The girl opened the cover and was greeted by the smiling face of her mother.

"Hey, Yuuki?" Shang quipped as he set his wine glass on the table.

"Yes." She didn't take her eyes from her mothers.

"What would you say to...uh...talking to the press?"

"About what?"

"About what happened."

"Um...what would I say?"

"That your old man is a good man."

Yuuki felt uneasy all of a sudden. "Why?"

"Because you saying I wasn't severely damaged our international relations."

"You weren't good back then though, dad." She looked at him. "You might have changed, but I can't lie."

Her father's face flashed an emotion she didn't catch. Yuuki looked back at the album, the next few photos were of her mother as a child, smiling sweetly at the camera.

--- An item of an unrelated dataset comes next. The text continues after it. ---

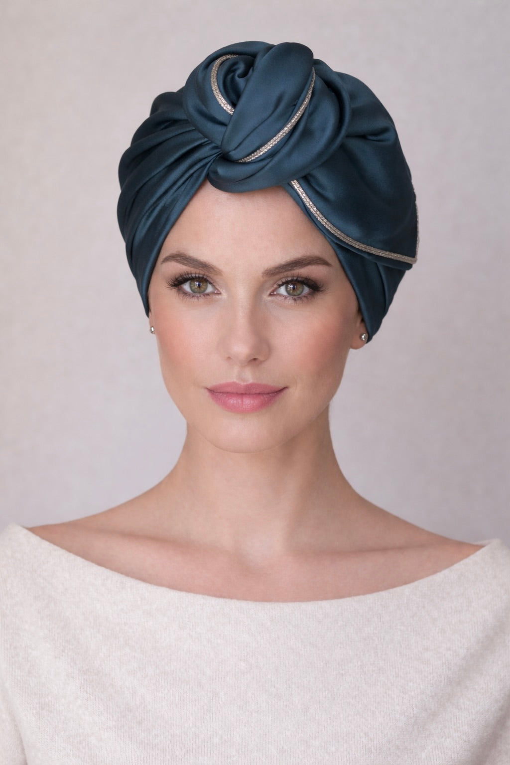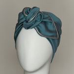 Rania turban crafted from silk, featuring a sculpted twist that creates soft, elegant shape. Finished with delicate silver beige sfifa piping along the edges, adding a subtle refined contrast.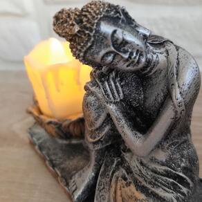 O incrível deste Buda, é que voce pode por incenso vareta ou velinha.Serve como castiçal ou porta incenso.

There were no tears from the girl, just soft, nostalgic smiles.

"I'm sorry I was like that." The man said. "Could you at least try to remedy the situation?"

"Besides the media?"

"You could join the Cunxin group again, obviously not as an heir..."

"Why not as an heir?" Didn't he want her back as a daughter?

"No."

"Why?"

"Because you're not my legal daughter anymore."

"That can be fixed."

"It would be better if you were a business partner."

Yuuki stiffened. "Is that why I'm here?"

"Why did you think you were here?"

The girl stared at her father. "Because...I thought you wanted me back, as your child."

His words were flat, hard, like a million negative emotions tied through one voice. "Yuuki...I lost you as a child the day you let your mother ride in front of that truck."

The words pierced straight through her. "I'm confused."

Shang leant back in his chair. "You think I was sorry for divorcing you? No, I don't mind that. Sorry I offended you? Yes, of course. It was incredibly bad for business. Almost had to declare bankruptcy."

The girl closed the photo album. "I don't believe it."

The pieces of her that were coming back together fell apart viciously. "No." She said firmly.

"What?"

"No. I will not help you."

Yuuki stood up, upset and angry. She pulled her mobile out and began calling a cab. A heavy hand tore the device from hers and threw it across the room. It hit the opposite wall and shattered, falling to the ground in pieces just as its owner had moments before. Yuuki's father had hit her.

"You!" Shang pointed at the girl. "You ruined me! Why won't you fix that? Don't you love me?"

Don't you love me? Yuuki realised that she was the beginning of a person like her father, seeking love in all the wrong places. Seeking love with one who had loved and stopped. He had suffered, he needed love, but he had gone to the wrong place to get it. He had lost it all and buried himself in work, cutting himself off from the very thing that would hurt him most but benefit him the best. Yuuki realised something. Kyoya had never stopped. She saw it that night at the theatre. He had never once stopped.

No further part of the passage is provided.